VESTA utilises the outer most points of the SIS application logic possible, which is normally the I/O channels used by the application (the same points logically connected to the Input / Output Modules). By using the I/O channels, the offsite testing fully exercises the Input processing and Output processing logic elements of the application

Assuming that all Sensors, Final Elements and the live production SIS hardware are maintained in line with the SRS by the site maintenance team, performing an Annual VESTA test for the SIS, providing 100% test coverage of the Application Software Logic, provides coverage for all SIFs contained within the SIS, including the testing of all Primary and Secondary actions.

Automated Logic Testing Examples

Full System VESTA Testing

The following example is a real world example completed by Process Safety Solutions for one of our supported clients;

To support proof testing of plant SIFs, an Annual VESTA test on all plant SIS is required. This is to limit the risk to production on site and to significantly reduce the personnel required on site to conduct the testing.

Utilising VESTA to test the application logic of the SIS, which includes 1 of ESD, 2 of PSD, and 2 of F&G nodes, and utilising test definitions from CERES and LEDA (Process Safety Solutions C&E and Logigram Management Software), the full 100% logic testing was conducted off site.

  • Over 1,300 tests completed.
  • Over 5,000,000 state changes actioned.
  • 3,000 I/O.
  • Less than one week to complete.

This testing was done by running the site versions of the application logic on OEM supplied logic solver targets.

It is estimated that ~16,000 Hours are saved annually (assuming 2 SIF tests per shift by 2 technicians) by deploying the automated test strategy.

In reality, if all SIFs were tested on the live production facility, it could feasibly take over 300 days (assuming 4-5 SIFs per day) to complete.

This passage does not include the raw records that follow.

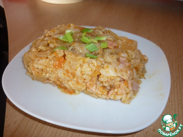 Пока варится рис,я сделала ветчину с зажаркой,кинула рис и вуаля - ужин готов!!!!
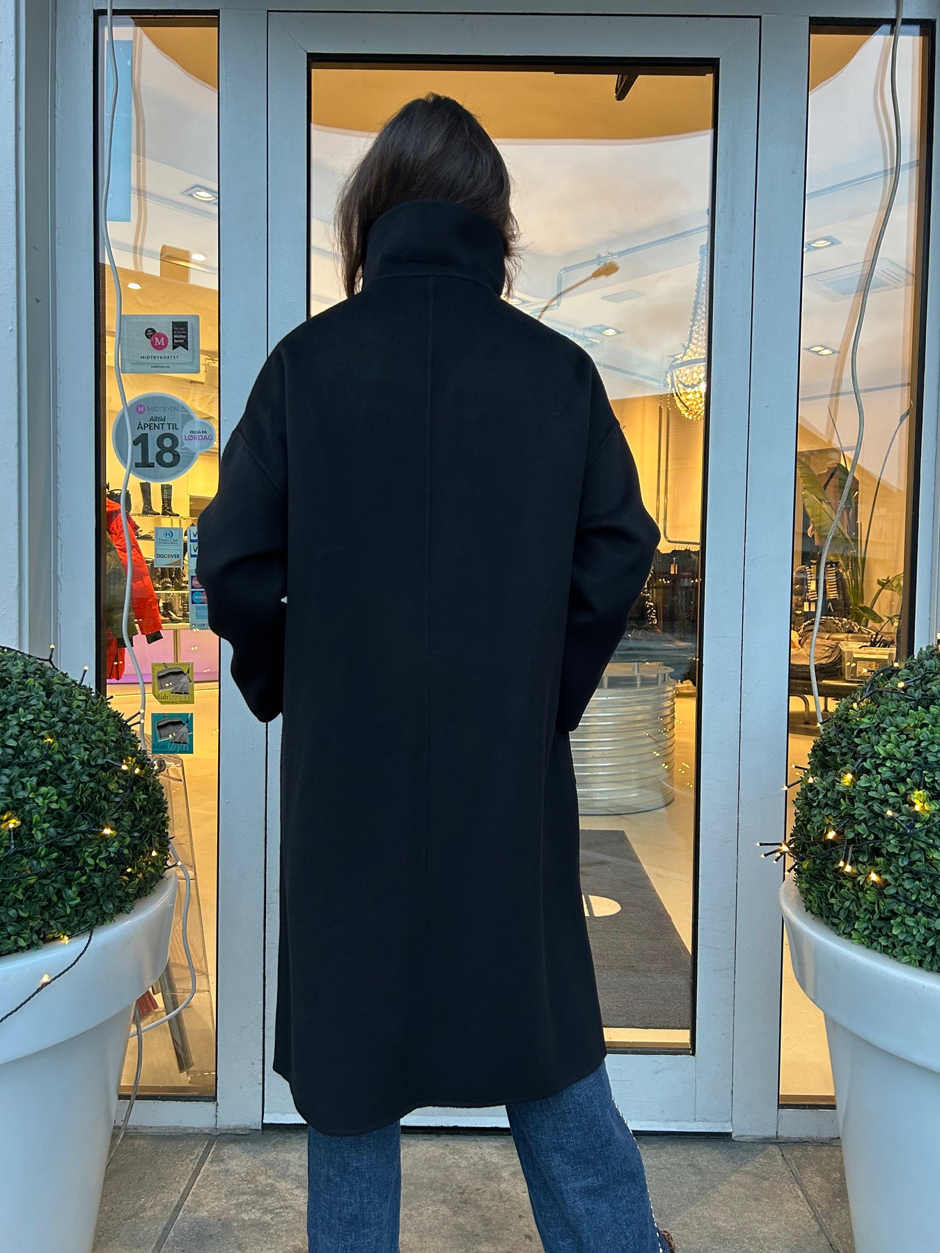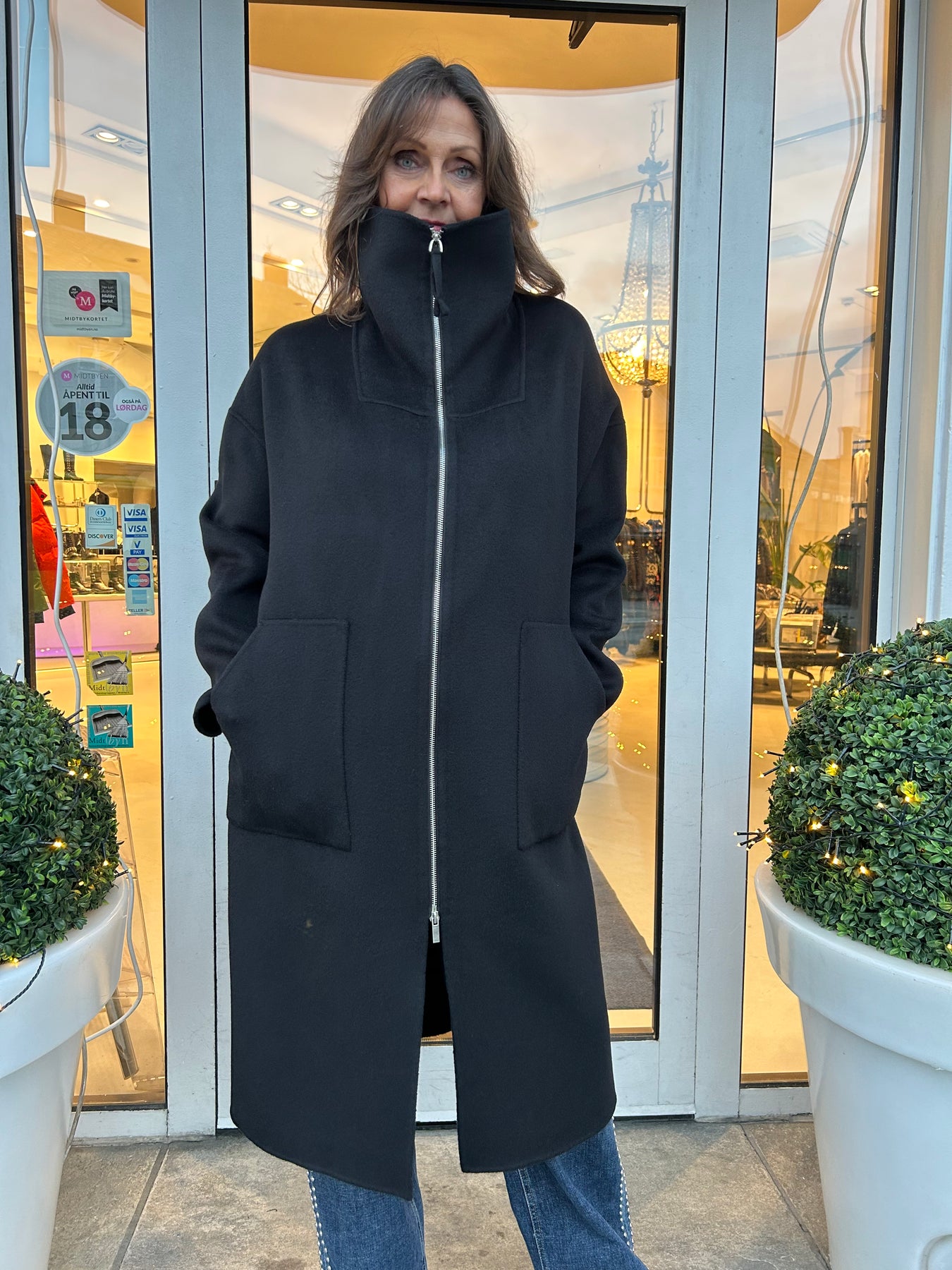 MEIMEIJ Sort lang ullkåpe med glidelås foran og høy krage
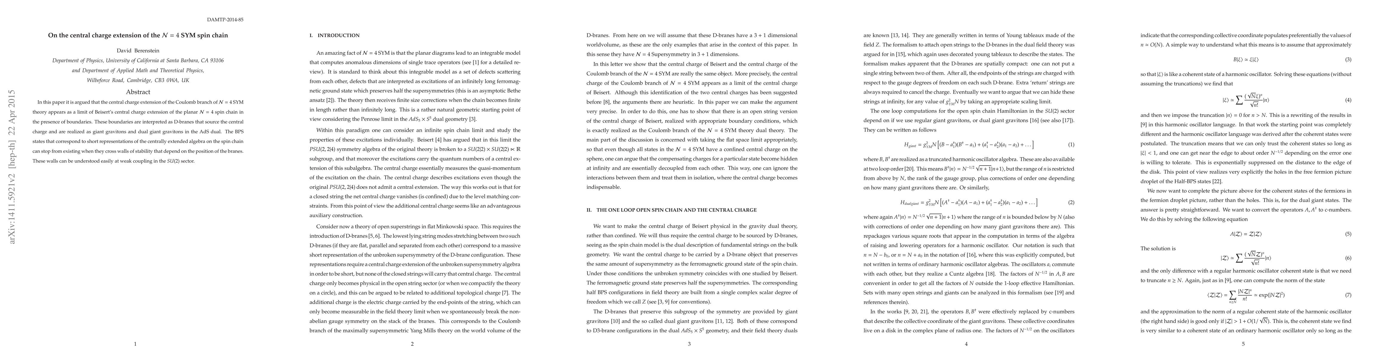 In this paper it is argued that the central charge extension of the Coulomb branch of ${\cal N}=4 $ SYM theory appears as a limit of Beisert's central charge extension of the planar ${\cal N}=4 $ spin chain in the presence of boundaries. These boundaries are interpreted as D-branes that source the central charge and are realized as giant gravitons and dual giant gravitons in the AdS dual. The BPS states that correspond to short representations of the centrally extended algebra on the spin chain can stop from existing when they cross walls of stability that depend on the position of the branes. These walls can be understood easily at weak coupling in the $SU(2)$ sector.

This means an ~80% plant outage each year for SIF testing only.

Assuming the production facility generates £1m per day and a ~80% plant outage each year for SIF testing, automated testing can prevent the loss of ~£300m each year.

Specific SIF VESTA Testing

The following example is a real world example completed by Process Safety Solutions for one of our supported clients;

A requirement to test a large number of SIS inputs and outputs was raised when two packages, which contained SIFs, was to be re-instated after being offline for a number of years.

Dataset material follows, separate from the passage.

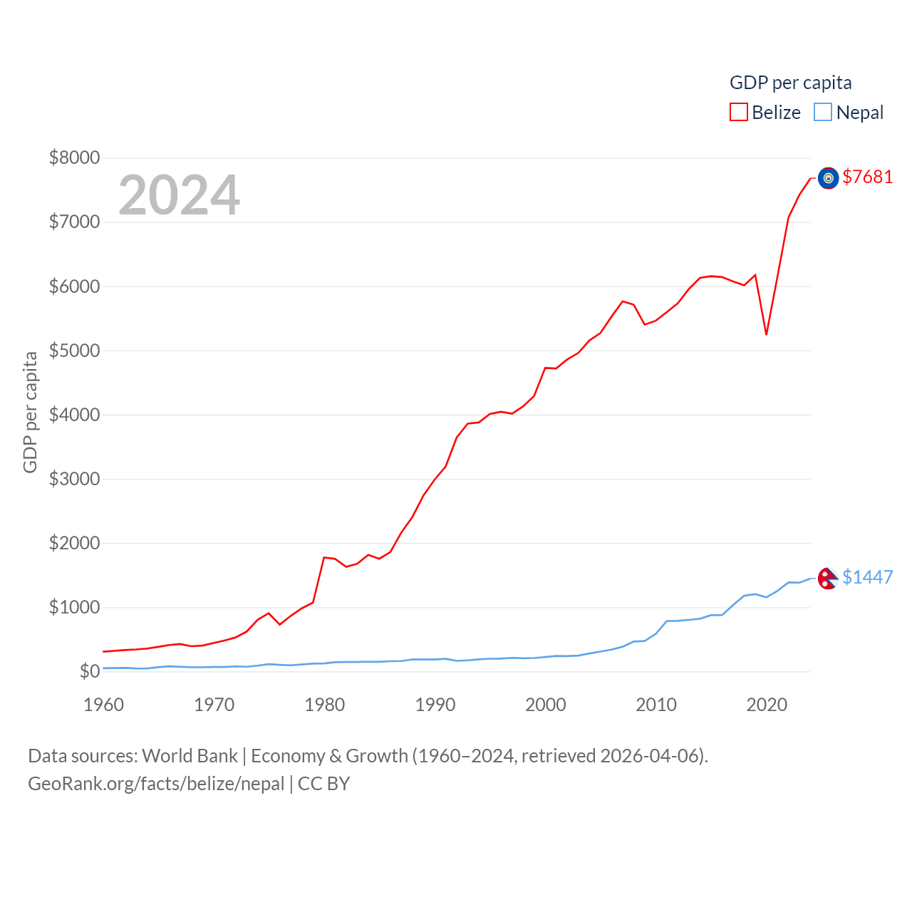 By GDP, Belize ranks 168/197 ($3.2B) and Nepal ranks 101/197 ($42.9B). By GDP per capita, Belize ranks 98/197 ($7,681), while Nepal ranks 164/197 ($1,447).
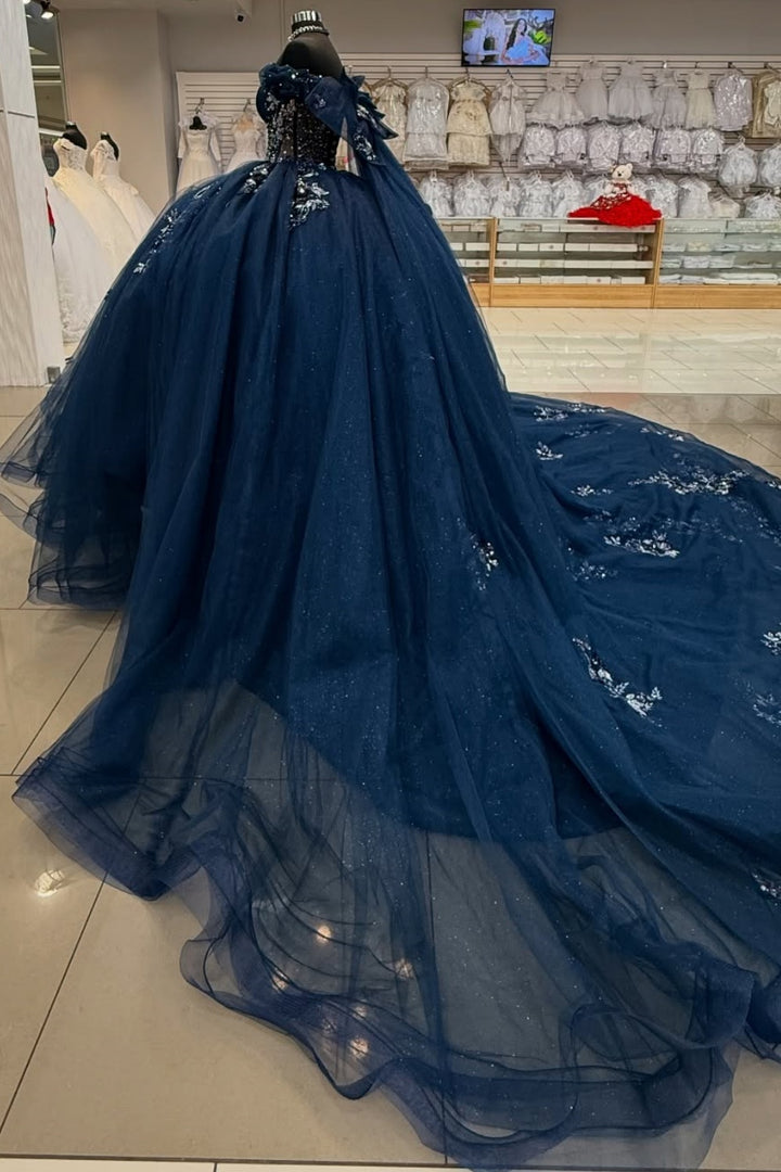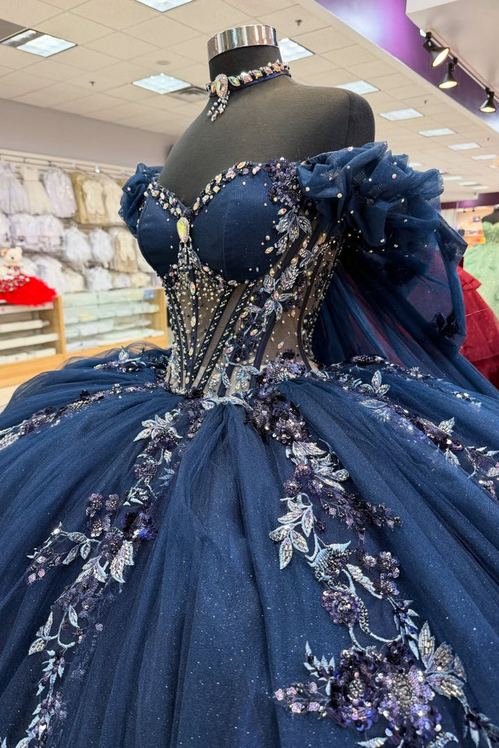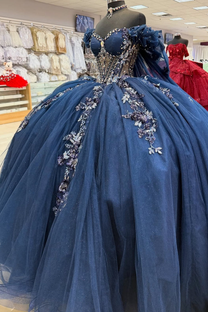Langes Quinceanera-Kleid mit Herzausschnitt für Damen, trägerloses Korsett mit Blumenapplikationen, Perlenbesetztes Tüll-Ballkleid

Sensor and Final Element Testing could be completed on site but due to the interaction of Secondary Trip actions, C&E testing was being denied by operations.

As this client had their systems supported by the Process Safety Management Suite, with their Cause and Effects managed by CERES and Automated Testing performed by VESTA, the setup and testing of the required SIFs took less than 4 engineering hours to complete.

The testing required related to ~20 Sensors and ~1,100 Final Elements, and involved voting and time delay functions.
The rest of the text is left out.